= Polydisc =

Cartesian product of discs

In the theory of functions of several complex variables, a branch of mathematics, a polydisc is a Cartesian product of discs.

More specifically, if we denote by $D(z,r)$ the open disc of center z and radius r in the complex plane, then an open polydisc is a set of the form

$D(z_1,r_1) \times \dots \times D(z_n,r_n).$

It can be equivalently written as

$\{ w=(w_1, w_2, \dots, w_n) \in {\mathbf{C}}^n : \vert z_k - w_k \vert < r_k, \mbox{ for all } k = 1,\dots,n \}.$

One should not confuse the polydisc with the open ball in C^{n}, which is defined as

$\{ w \in \mathbf{C}^n : \lVert z - w \rVert < r \}.$

Here, the norm is the Euclidean distance in C^{n}.

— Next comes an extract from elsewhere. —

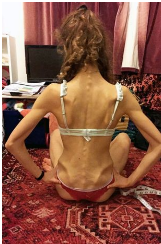
Slika 4: Balerina 18. g, oboljela od anoreksije

When $n > 1$, open balls and open polydiscs are not biholomorphically equivalent, that is, there is no biholomorphic mapping between the two. This was proven by Poincaré in 1907 by showing that their automorphism groups have different dimensions as Lie groups.

When $n=2$ the term bidisc is sometimes used.

A polydisc is an example of logarithmically convex Reinhardt domain.